Types of Concrete Pavement

In pavement construction, three different concrete pavement design types are commonly used:

  1. Jointed Plain Concrete Pavements (JPCP),
  2. Jointed Reinforced Concrete Pavements (JRCP), and
  3. Continuously Rein­forced Concrete Pavements (CRCP)

Each of these design types can provide long-lasting pavements that meet or exceed specific project requirements. Each type is suitable for new construc­tion, reconstruction, and overlays (resurfacing) of existing roads.

1. JPCP [Jointed Plain Concrete Pavement]

Because of their cost-effectiveness and reliability, the vast majority of concrete pavements constructed today are JPCP designs. They do not contain reinforcement. They have transverse joints generally spaced less than 5 to 6.5 m (15 to 20 ft) apart. They may contain dowel bars across the transverse joints to transfer traffic loads across slabs and may contain tie bars across longitudinal joints to promote aggregate interlock between slabs.

JPCP - Jointed Plain Concrete Pavement
JPCP – Jointed Plain Concrete Pavement

2. JRCP [Jointed Reinforced Concrete Pavement]

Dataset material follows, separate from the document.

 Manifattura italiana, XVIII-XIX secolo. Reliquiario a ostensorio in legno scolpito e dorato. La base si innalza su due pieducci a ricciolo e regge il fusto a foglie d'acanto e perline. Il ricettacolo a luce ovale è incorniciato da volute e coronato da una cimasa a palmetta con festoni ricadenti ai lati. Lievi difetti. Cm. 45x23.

JRCP designs contain both joints and reinforcement (e.g., welded wire fabric, deformed steel bars). Joint spacings are longer (typically about 9 to 12 m [30 to 40 ft]), and dowel bars and tie bars are used at all transverse and longitudinal joints, respectively.

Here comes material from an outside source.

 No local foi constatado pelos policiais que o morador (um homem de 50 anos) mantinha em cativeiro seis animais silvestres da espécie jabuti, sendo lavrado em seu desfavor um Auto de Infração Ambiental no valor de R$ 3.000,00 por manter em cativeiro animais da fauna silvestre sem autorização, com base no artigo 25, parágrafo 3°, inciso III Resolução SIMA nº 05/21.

JRCP - Jointed Reinforced Concrete Pavement
JRCP – Jointed Reinforced Concrete Pavement

The reinforcement, distributed throughout the slab, composes about 0.15 to 0.25 percent of the cross-sectional area and is designed to hold tightly together any transverse cracks that develop in the slab. It is difficult to ensure that joints are cut where the rein­forcement has been discontinued. This pavement type is not as common as it once was on State highways, but it is used to some extent by municipalities.

3. CRCP [Continuously Rein­forced Concrete Pavement]

CRCP designs have no transverse joints, but contain a significant amount of longitudinal rein­forcement, typically 0.6 to 0.8 percent of the cross-sectional area. Transverse reinforcement is often used. The high content of reinforcement both influences the development of transverse cracks within an acceptable spacing (about 0.9 to 2.5 m [3 to 8 ft] apart) and serves to hold cracks tightly together. Some agencies use CRCP designs for high-traffic, urban routes because of their suitability for high-traffic loads.